Despite the lack of a Bruckner tradition, however, the NSO was able to achieve, under Blomstedt’s guidance, some notable things. Blomstedt took an approach that was not exactly tranquil, but not as highly charged as one might wish, especially if one is habituated to Furtwangler’s volcanic approach. At whatever stride, Blomstedt kept the one essential thing in Bruckner without which all else is lost: concentration. This allowed him to bring out a good deal of detail without ever breaking the line. Without sounding particularly idiomatic, the NSO stayed with him, excelled in the delicate, lyrical moments, and pulled off the major climaxes.

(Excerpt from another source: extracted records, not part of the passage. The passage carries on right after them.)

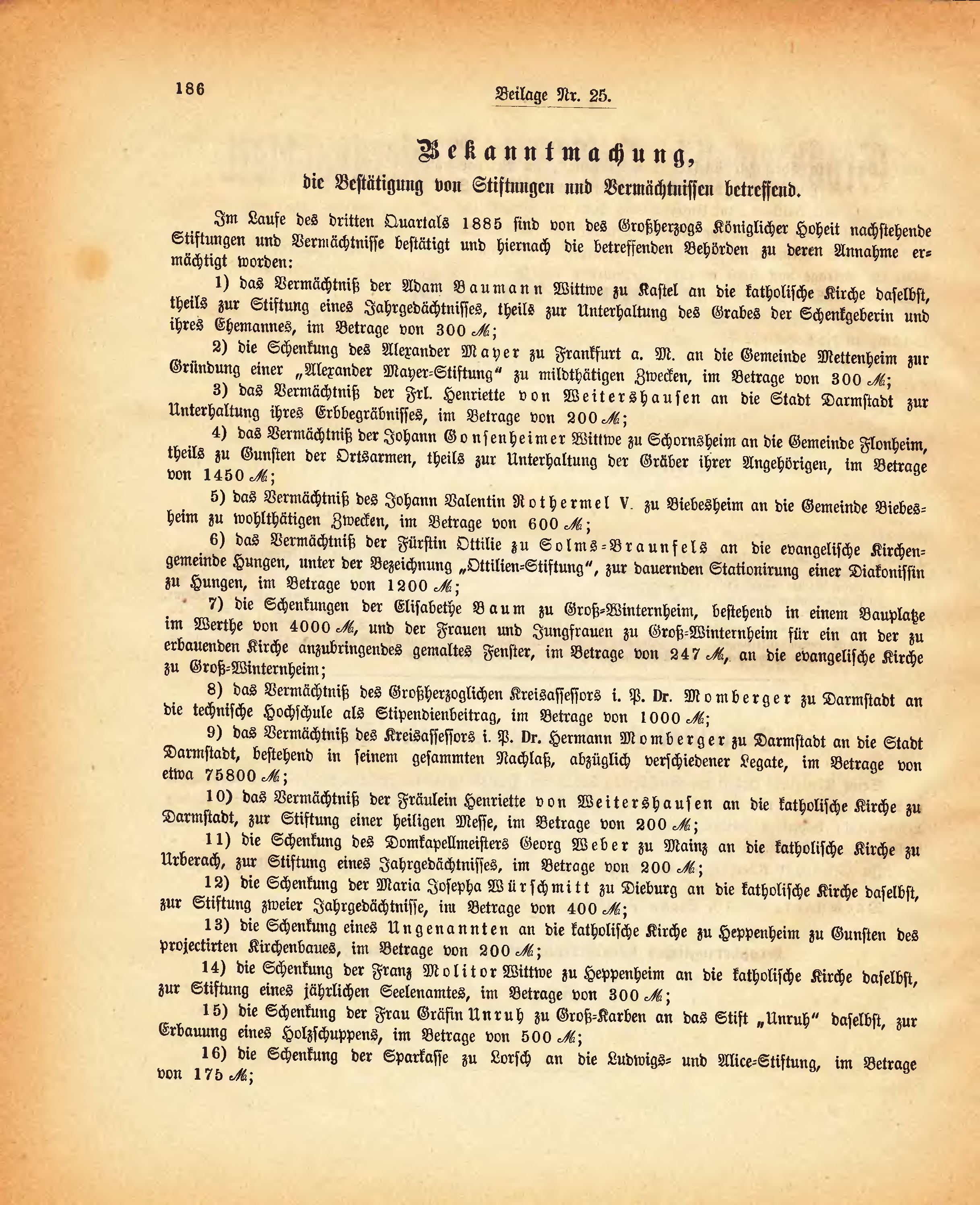 Im Laufe des dritten Quartals 1885 sind von des Großherzogs Königlicher Hoheit nachstehende Stiftungen und Vermächtnisse bestätigt und hiernach die betreffenden Behörden zu deren Annahme ermächtigt worden:
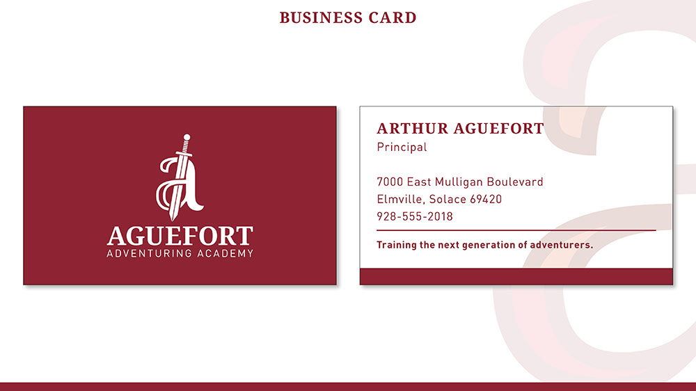 A branding package for the Aguefort Adventuring Academy, a fictional school from season one of the Dropout.tv show "Dimension 20." The school is a training ground for adventurers in a Dungeons and Dragons universe created to answer the question: "What would it look like if John Hughes wrote a D&D campaign?" As such, I wanted to give the branding a feeling of being modern while also conveying a sense of age since the school has trained many generations of adventurers. This was honestly just a labor of love to make as a fan of the show, and I thoroughly enjoyed the process.
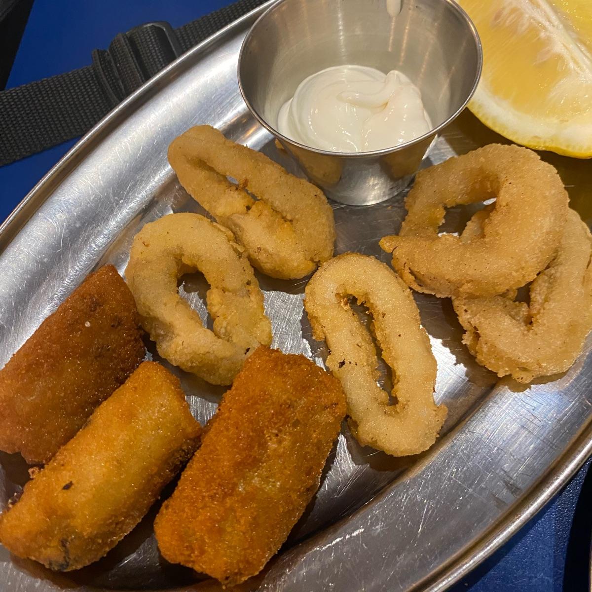 Lo que se ve en la foto es media ración de calamares y media de croquetas de setas al ajillo, riquísimo!

Things gelled by the third movement to the point that the NSO was speaking fluent Bruckner (the strings were glorious), and the expressiveness of the music took over. Together, Blomstedt and the NSO beautifully built the last movement. They approached and even, at moments, achieved the visionary. The audience knew it and sat still at the end, uncertain as to when, or even if, to applaud. Neither perfect nor great, I still prefer this Bruckner-approach to what I heard on the West Coast and the huzzahs with which it was greeted.

Aesthetic postscripts: The VPO has better tailors than the
NSO and looks stunning in white tie. Compared to the VPO, which had only four female participants, the NSO looks like a gynecocracy. I only mention this because it struck me, as I was once struck with the nearly overwhelming green of Virginia after coming back from three months in the desert in the Middle East. While I expected lax sartorial standards in the Disney Concert Hall, which invites, by its name and design, perpetual adolescence, I saw elderly adults in blue jeans at the Kennedy Center Bruckner concert instead. Unless this is part of a new WPA program for the Great Recession, that seems rather inexcusable.